Posted Sep 28, 2005 2:18 UTC (Wed) by zblaxell (subscriber, #26385)
In reply to: does the desktop matter anymore? by oseemann
Parent article: KDE 4 promises radical changes to the free desktop (NewsForge)

why would anyone want to entrust all their private memories to a foreign company?
  • Because consumer-oriented data storage can have one unrecoverable failure every 3 weeks yet still operate within its reliability specs, and the warranties cover the media and/or drives, not the data. Backups are nice, automated backups are nicer, but they're nicest of all if you can just pay someone else to do them.

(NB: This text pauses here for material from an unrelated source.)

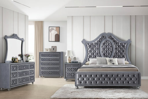 Crown MarkDark Grey or Black Velvet Microfiber upholstered bedroom set. Immerse yourself in the regal charm of this majestic bedroom collection, a true embo...

  • Because some people have the photos so they can share them with other people. That's possible to do on a server system in your own basement, but it's often more convenient to farm that sort of task out a hosting service, especially if you live in a small apartment, own only one noisy computer and don't want to keep it online and malware-free 24/7. As a bonus, if your photography is attractive to a Slashdot-sized crowd, it's your hosting service that goes down in flames, not your personal Internet feed. I've learned that particular lesson the hard way...
  • Because so many systems are misconfigured, compromised, or just plain broken, such that they slowly corrupt data over time. A bit gets flipped here, a word gets doubled or zeroed there...unless you're verifying your data every day, it's possible to have this going on for years without causing anything to visibly fail. Since most people don't run 'md5sum -c' over their entire filesystem every day, most people don't notice the damage until it's too late. I look for it proactively, and find it disturbingly often.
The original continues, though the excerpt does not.